• Supplied records:
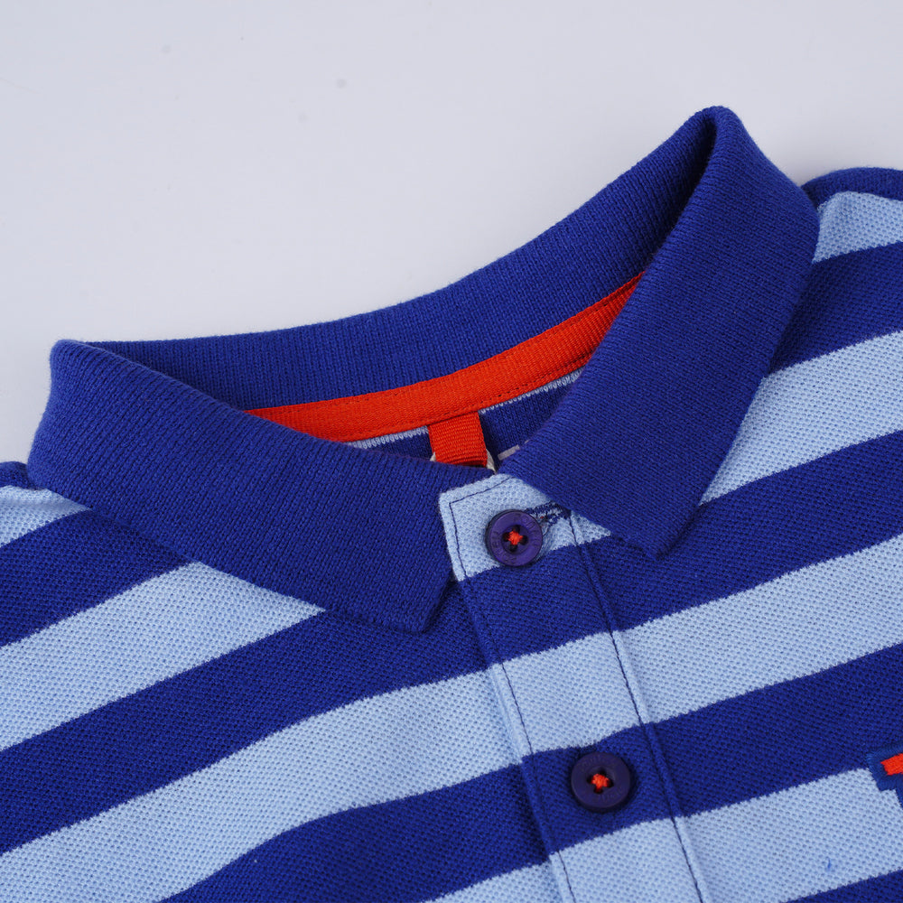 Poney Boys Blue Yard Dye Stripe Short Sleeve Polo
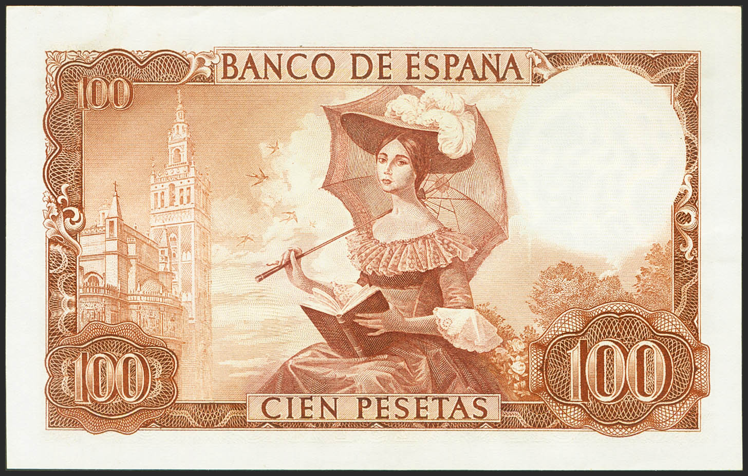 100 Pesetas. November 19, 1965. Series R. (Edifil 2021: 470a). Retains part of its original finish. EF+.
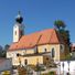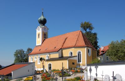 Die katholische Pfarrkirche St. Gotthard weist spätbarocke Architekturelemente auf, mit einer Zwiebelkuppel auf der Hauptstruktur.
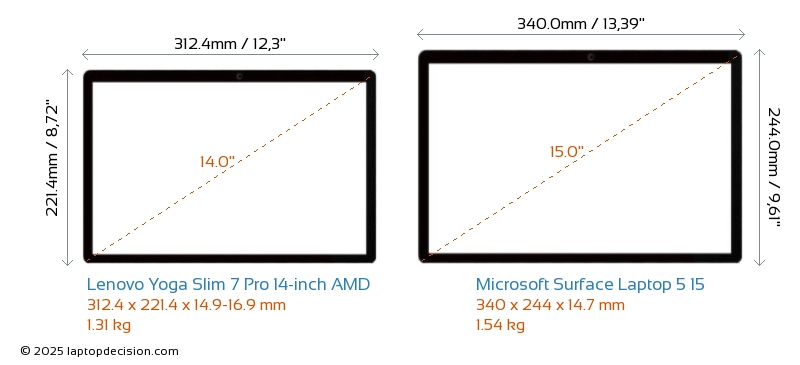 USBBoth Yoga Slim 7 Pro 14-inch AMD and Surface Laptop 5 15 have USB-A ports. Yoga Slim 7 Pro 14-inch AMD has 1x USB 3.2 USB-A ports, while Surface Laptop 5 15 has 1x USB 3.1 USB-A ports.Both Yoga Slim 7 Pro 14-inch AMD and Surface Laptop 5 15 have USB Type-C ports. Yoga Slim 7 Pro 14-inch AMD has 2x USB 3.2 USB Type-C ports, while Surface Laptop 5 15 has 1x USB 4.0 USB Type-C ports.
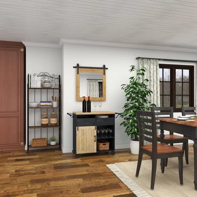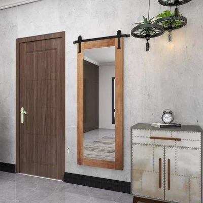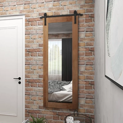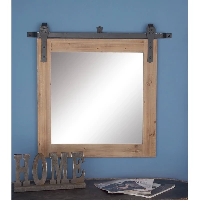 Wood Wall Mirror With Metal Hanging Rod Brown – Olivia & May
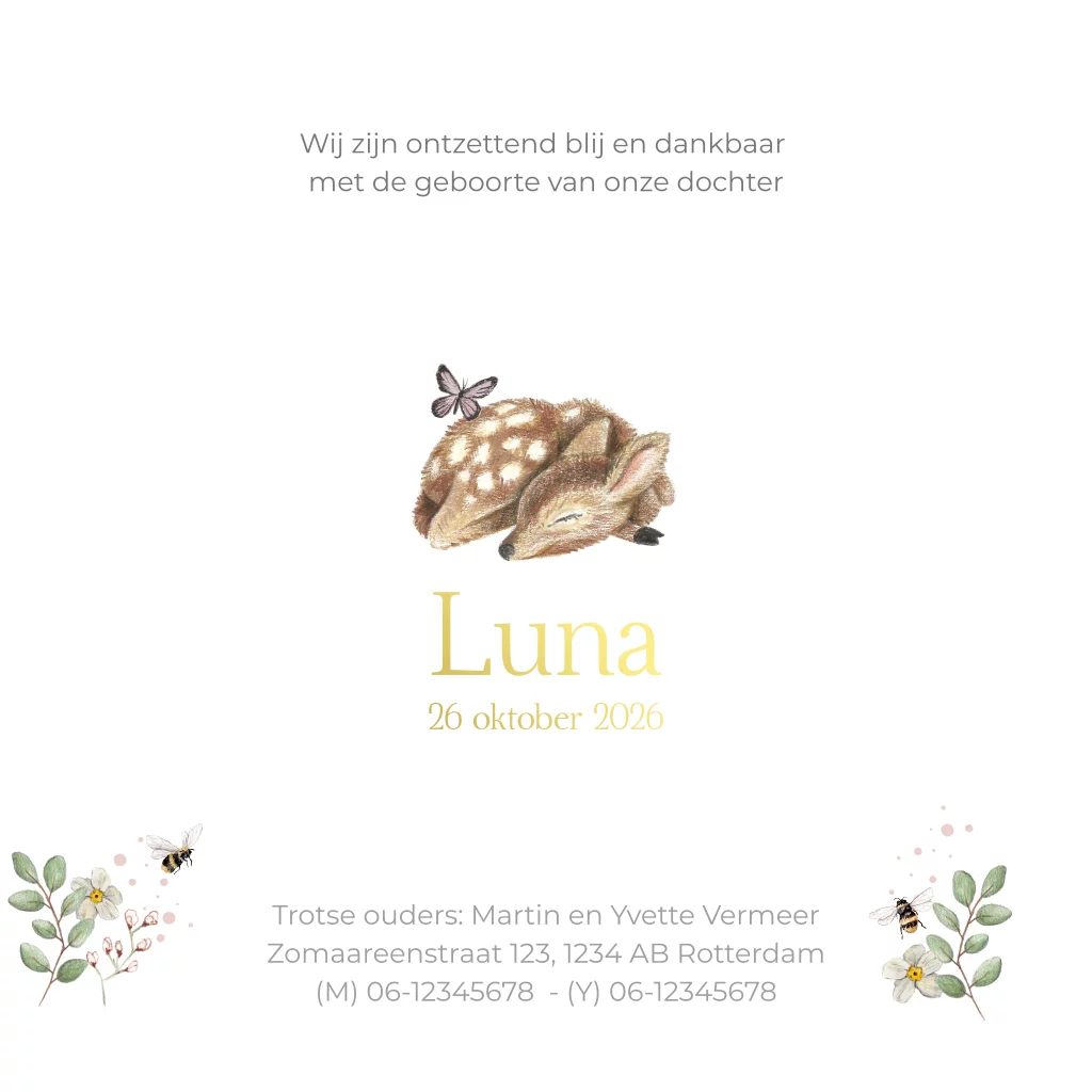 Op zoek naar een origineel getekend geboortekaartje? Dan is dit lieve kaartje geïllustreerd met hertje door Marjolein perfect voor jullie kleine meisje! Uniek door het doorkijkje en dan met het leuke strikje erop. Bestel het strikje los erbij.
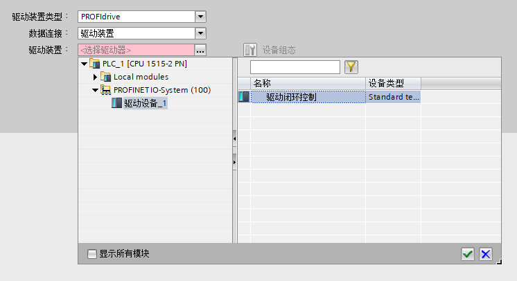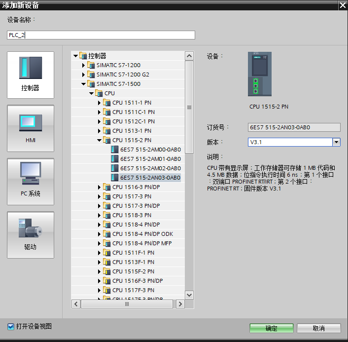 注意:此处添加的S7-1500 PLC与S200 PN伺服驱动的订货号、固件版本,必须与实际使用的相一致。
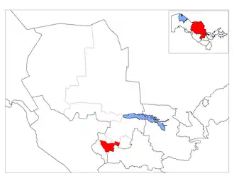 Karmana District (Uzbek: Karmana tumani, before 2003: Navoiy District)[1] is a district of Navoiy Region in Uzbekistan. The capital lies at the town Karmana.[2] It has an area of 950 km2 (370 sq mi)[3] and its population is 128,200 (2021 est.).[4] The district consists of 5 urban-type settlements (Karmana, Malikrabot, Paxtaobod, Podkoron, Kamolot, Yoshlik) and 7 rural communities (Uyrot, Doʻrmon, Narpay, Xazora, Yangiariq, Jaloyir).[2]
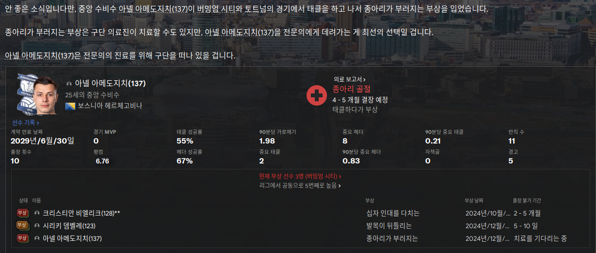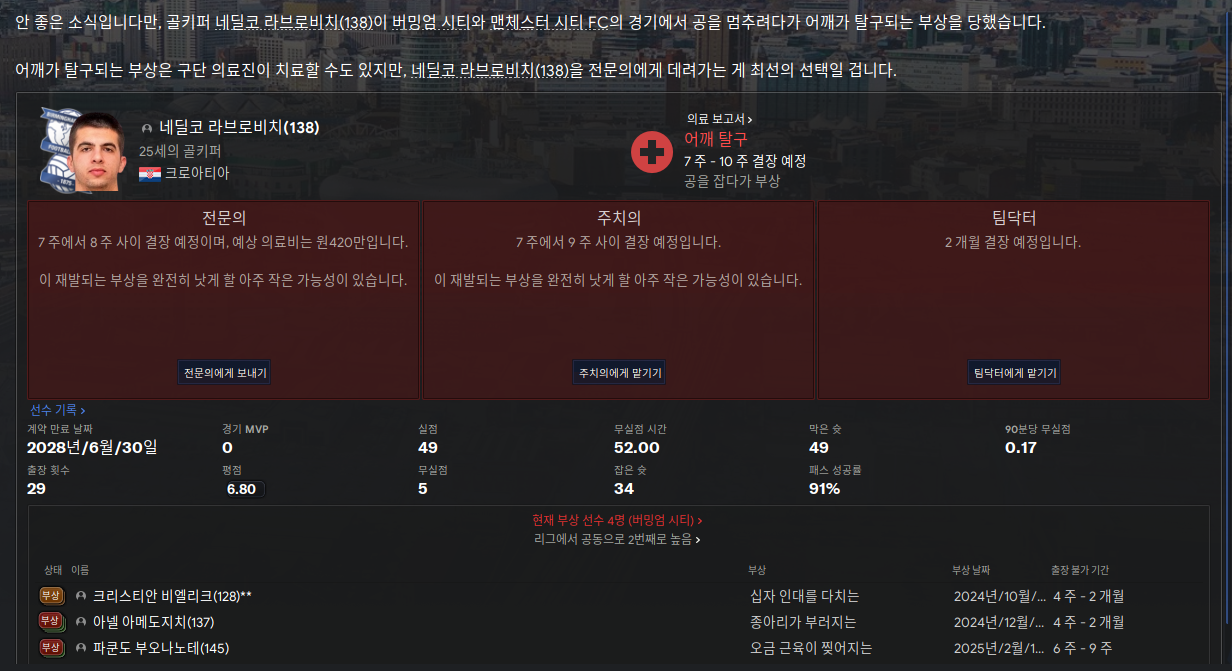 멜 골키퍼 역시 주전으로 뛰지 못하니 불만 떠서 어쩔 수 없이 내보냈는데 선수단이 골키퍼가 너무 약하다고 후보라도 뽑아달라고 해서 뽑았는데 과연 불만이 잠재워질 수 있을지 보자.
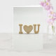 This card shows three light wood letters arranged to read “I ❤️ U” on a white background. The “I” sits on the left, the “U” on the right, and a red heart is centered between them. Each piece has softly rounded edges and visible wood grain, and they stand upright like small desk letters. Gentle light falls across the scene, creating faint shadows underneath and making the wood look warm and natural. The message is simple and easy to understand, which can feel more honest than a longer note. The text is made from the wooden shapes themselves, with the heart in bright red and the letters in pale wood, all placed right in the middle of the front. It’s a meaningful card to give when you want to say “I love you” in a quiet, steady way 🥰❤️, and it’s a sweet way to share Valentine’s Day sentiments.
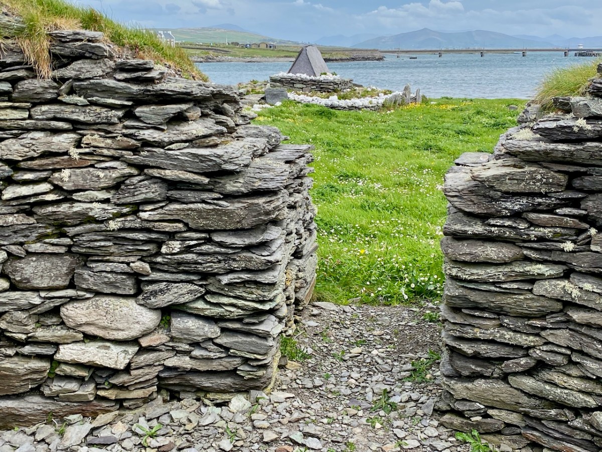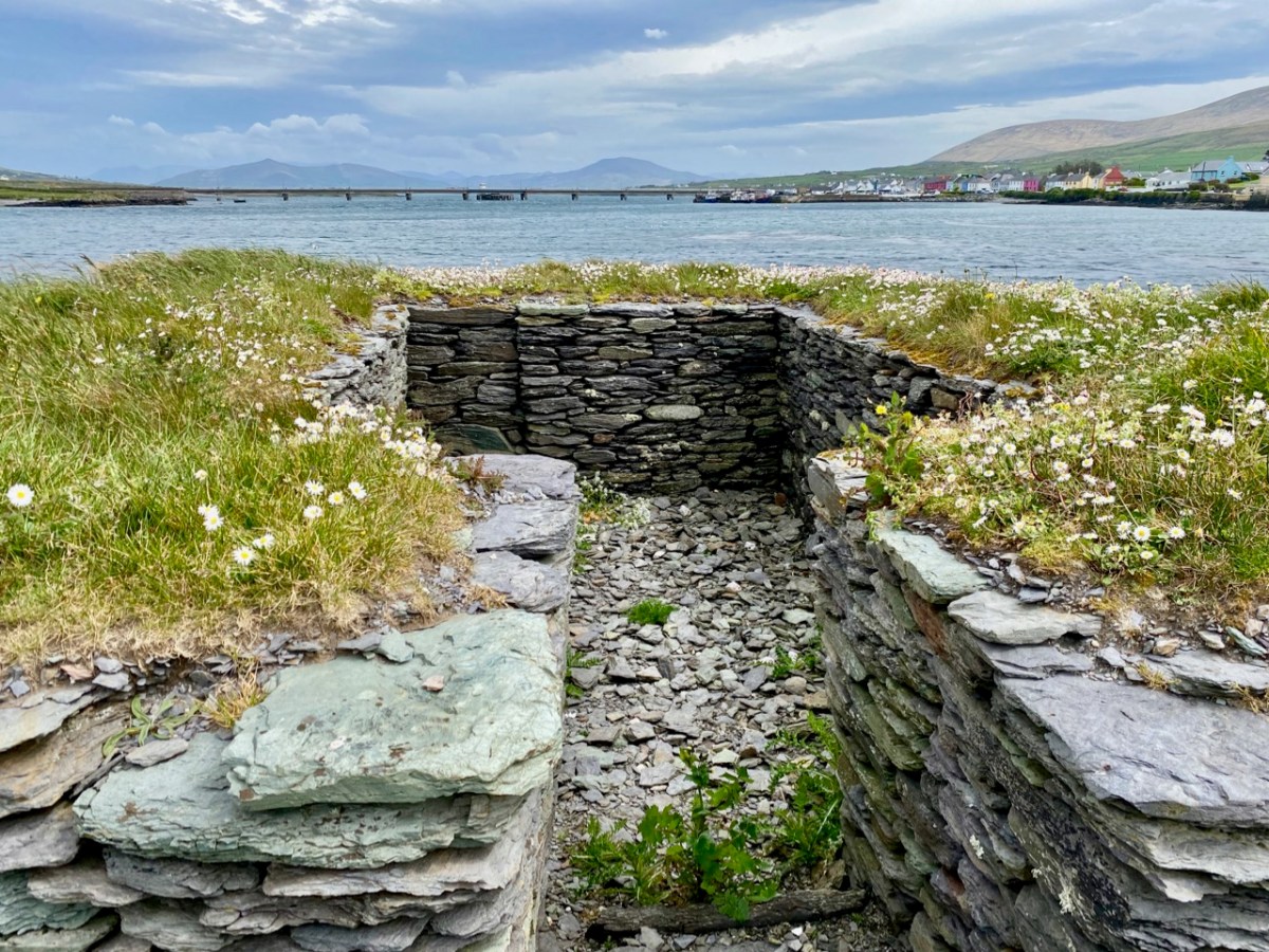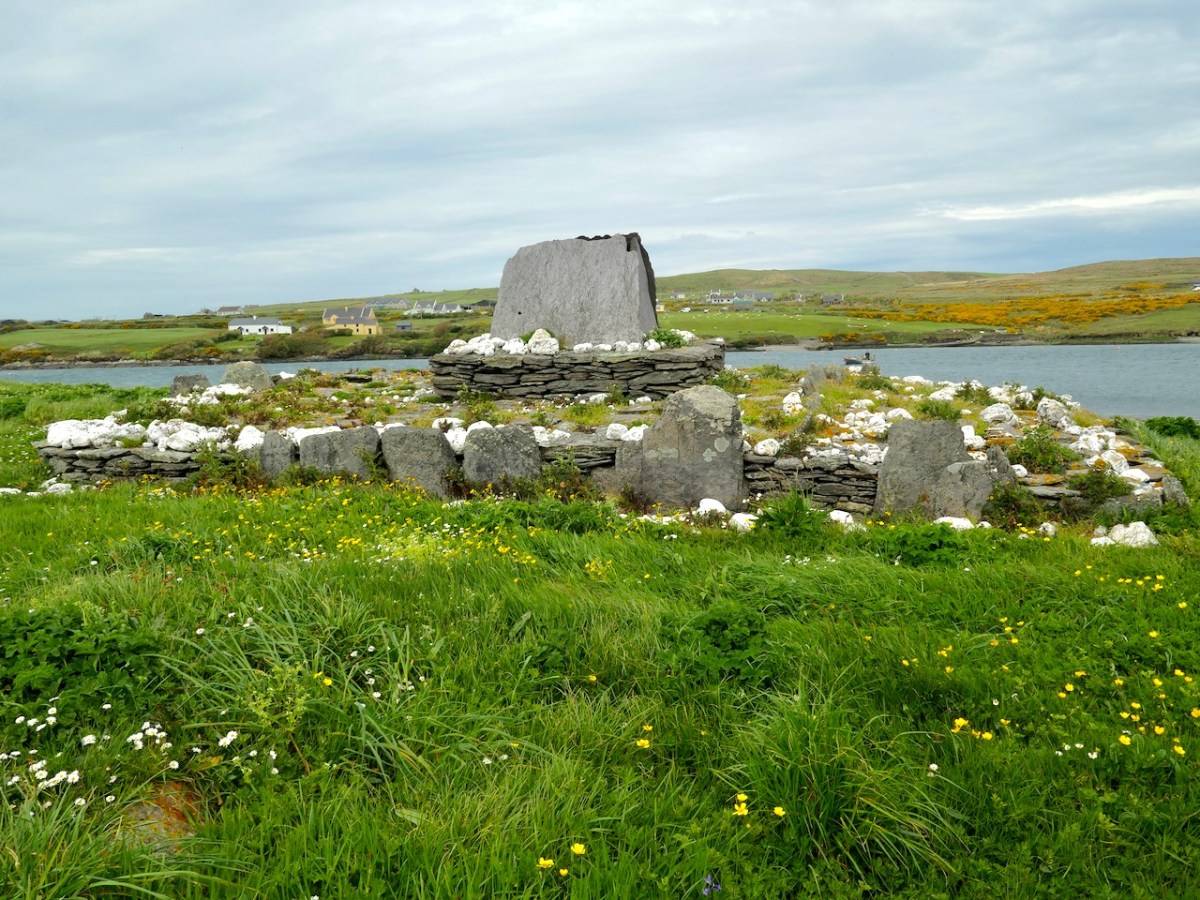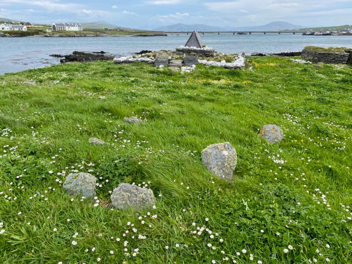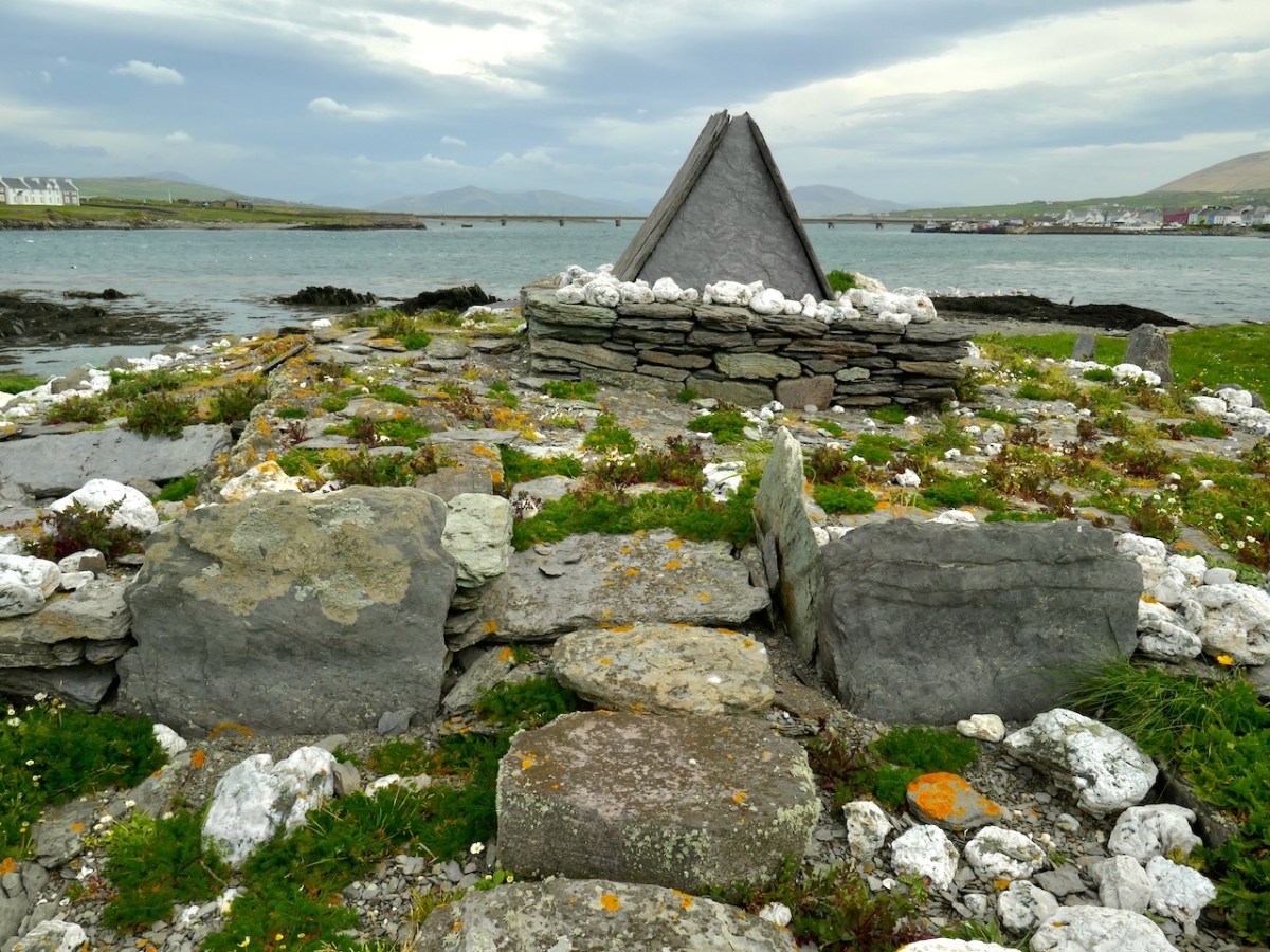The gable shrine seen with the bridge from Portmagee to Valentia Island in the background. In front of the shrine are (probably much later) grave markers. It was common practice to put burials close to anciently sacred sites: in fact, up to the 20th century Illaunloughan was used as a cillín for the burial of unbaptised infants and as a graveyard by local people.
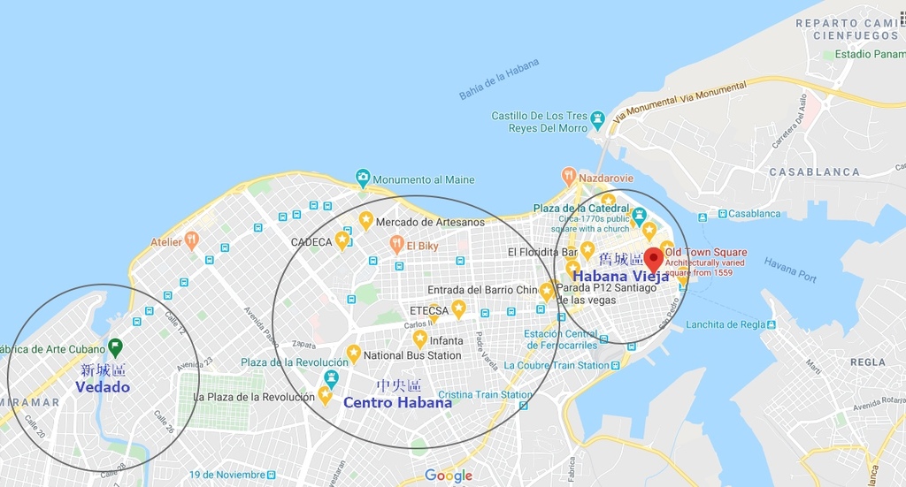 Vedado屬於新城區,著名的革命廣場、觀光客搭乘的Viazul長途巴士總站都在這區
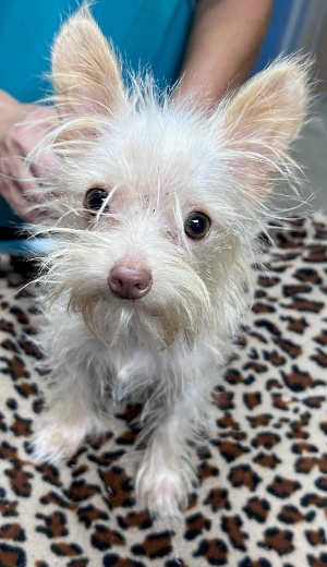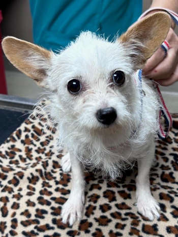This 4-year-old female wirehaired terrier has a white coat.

• Your assignment: In the listing above, find the line containing "Die katholische Pfarrkirche" and the line containing "注意:此处添加的S7-1500 PLC与S200 PN伺服驱动的订货号、固件版本,必须与实际使用的相一致。"; print those lines and every line between them exactly, leaving out pictures.

• Result:
 Die katholische Pfarrkirche St. Gotthard weist spätbarocke Architekturelemente auf, mit einer Zwiebelkuppel auf der Hauptstruktur.
 USBBoth Yoga Slim 7 Pro 14-inch AMD and Surface Laptop 5 15 have USB-A ports. Yoga Slim 7 Pro 14-inch AMD has 1x USB 3.2 USB-A ports, while Surface Laptop 5 15 has 1x USB 3.1 USB-A ports.Both Yoga Slim 7 Pro 14-inch AMD and Surface Laptop 5 15 have USB Type-C ports. Yoga Slim 7 Pro 14-inch AMD has 2x USB 3.2 USB Type-C ports, while Surface Laptop 5 15 has 1x USB 4.0 USB Type-C ports.
 Wood Wall Mirror With Metal Hanging Rod Brown – Olivia & May
 Op zoek naar een origineel getekend geboortekaartje? Dan is dit lieve kaartje geïllustreerd met hertje door Marjolein perfect voor jullie kleine meisje! Uniek door het doorkijkje en dan met het leuke strikje erop. Bestel het strikje los erbij.
 注意:此处添加的S7-1500 PLC与S200 PN伺服驱动的订货号、固件版本,必须与实际使用的相一致。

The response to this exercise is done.